SIGNATURES Pursuant to the requirements of the Securities Exchange Act of 1934, the registrant has duly caused this report to be signed on its behalf by the undersigned hereunto duly authorized. WILLIS GROUP HOLDINGS LIMITED Date: February 15, 2005 By: /s/ Mary E. Caiazzo ---------------------------------- Name: Mary E. Caiazzo Title: Assistant General Counsel

EXHIBIT INDEX Exhibit No. Description - ----------- ------------------------------- 99.1 Press Release of WGHL dated February 15, 2005

                                                                    Exhibit 99.1

                      Willis Group Divests Wholesale Unit;
                  American Wholesale Buys Stewart Smith Group

    NEW YORK--(BUSINESS WIRE)--Feb. 15, 2005--Willis Group Holdings
(NYSE: WSH), the global insurance broker, and American Wholesale
Insurance Group, Inc (AmWINS), the largest independent wholesale
insurance broker in North America, announced today that AmWINS will
acquire Stewart Smith Group, Willis' U.S. wholesale unit.

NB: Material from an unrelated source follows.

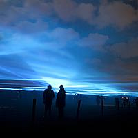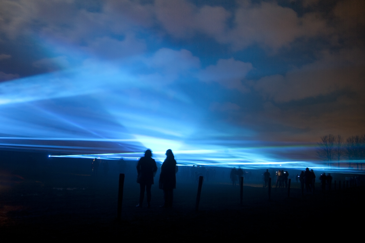 Het kunstwerk Waterlicht in Westervoort, 2015. Met lasers wordt de indruk gewekt dat je je onder de waterspiegel bevind, wanneer het water gestegen is. Foto genomen tijdens het blauwe uurtje.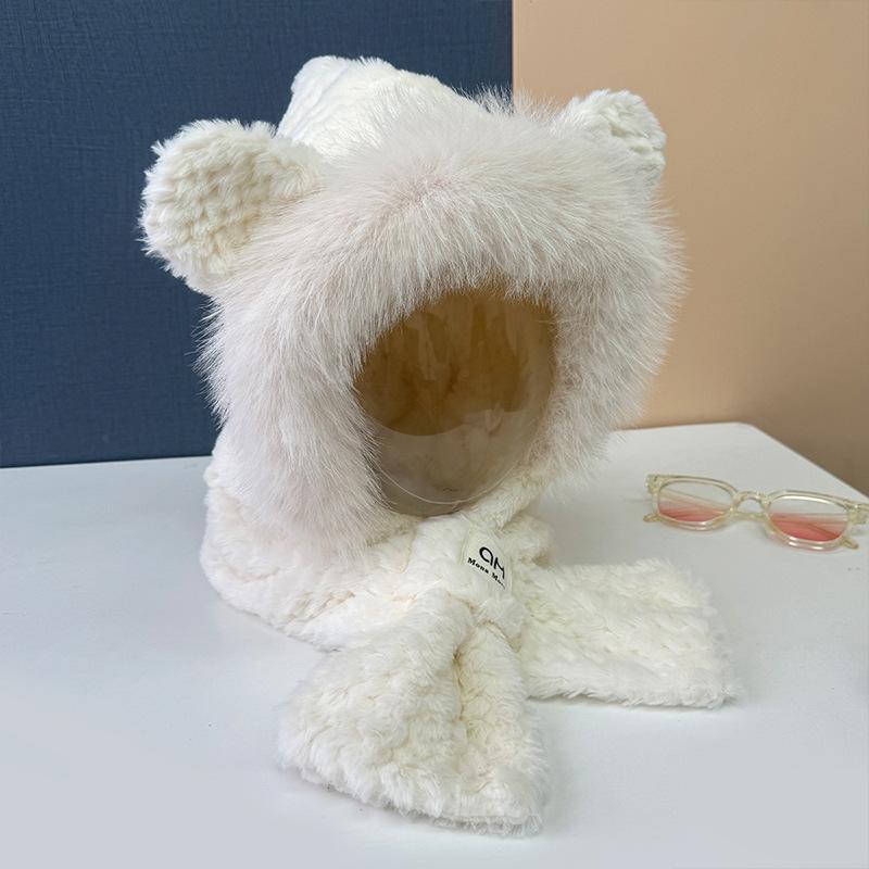 Cute bear hat scarf integrated women's winter new thickened warm ear protection cold cycling plush hat

Terms of the
transaction were not disclosed. It is expected to close at the end of
the first quarter.
    "For several years now, we have emphasized our focus on our core
retail broking operations," said Joe Plumeri, Chairman and CEO of
Willis. "Part of this overall strategy included divesting our third
party claims administration businesses, personal finance units and
other non-core business interests. Over the last few years, we have
made a number of acquisitions around the world and have increased our
ownership in several of our affiliates which were not wholly-owned
where doing so strengthened our retail network and our specialty
businesses.
    "Today, staying true to our mission and focusing our attention and
resources on growing our retail operations, we are announcing the sale
of Stewart Smith to American Wholesale," Plumeri continued. "In
American Wholesale, we have found a dynamic company committed to this
important sector of our industry. In only three years, their team has
built one of the most respected wholesale organizations in the
country."
    Stewart Smith writes hard-to-place, unique, and specialty
coverages. Headquartered in New York, Stewart Smith has 13 branches
located in major cities across the country. Purchasing Stewart Smith,
a national wholesale insurance broker with approximately $900 million
in premium placements in 2004, will afford AmWINS greater
opportunities to develop relationships with national retail brokers
while diversifying the Charlotte-based company's product offerings,
geographic presence and distribution force. The Stewart Smith
acquisition will bring AmWINS' total premium placements to over $2.4
billion, making it the nation's second largest wholesale insurance
organization. Mark Smith, President and CEO of Stewart Smith, will
assume the role of President of the AmWINS Brokerage Division.
    "The acquisition of Stewart Smith will add even more top-tier
professional brokerage talent to the AmWINS team. Additionally, it
expands our geographic footprint in the Pacific Northwest, Midwest and
Southeast," said M. Steven DeCarlo, AmWINS President and Chief
Executive Officer. "Mark is one of the most respected leaders in the
insurance industry. His proven ability to deliver superior results
while building one of the finest wholesale insurance brokerage firms
makes him a natural to lead our largest division - AmWINS Brokerage.
In this role, Mark will oversee 30 branch offices and over 400
employees.
    "This acquisition strategically enhances our insurance brokerage
offerings to retail agents and brokers across the country. That said,
our new scale by no means replaces the importance of earning our
stripes each and every day - one account at a time," says DeCarlo.
American Wholesale has received a financing commitment for this
transaction from Credit Suisse First Boston.
    Willis Group Holdings Limited is a leading global insurance
broker, developing and delivering professional insurance, reinsurance,
risk management, financial and human resource consulting and actuarial
services to corporations, public entities and institutions around the
world. With over 300 offices in over 100 countries, its global team of
14,500 Associates serves clients in 180 countries. Willis is publicly
traded on the New York Stock Exchange under the symbol WSH. Additional
information on Willis may be found on its web site: www.willis.com.
    AmWINS (www.amwins.com) is a wholesale insurance organization
dedicated to serving retail agents throughout the United States by
providing property and casualty, group life and health, program
administration services, and actuarial service capabilities.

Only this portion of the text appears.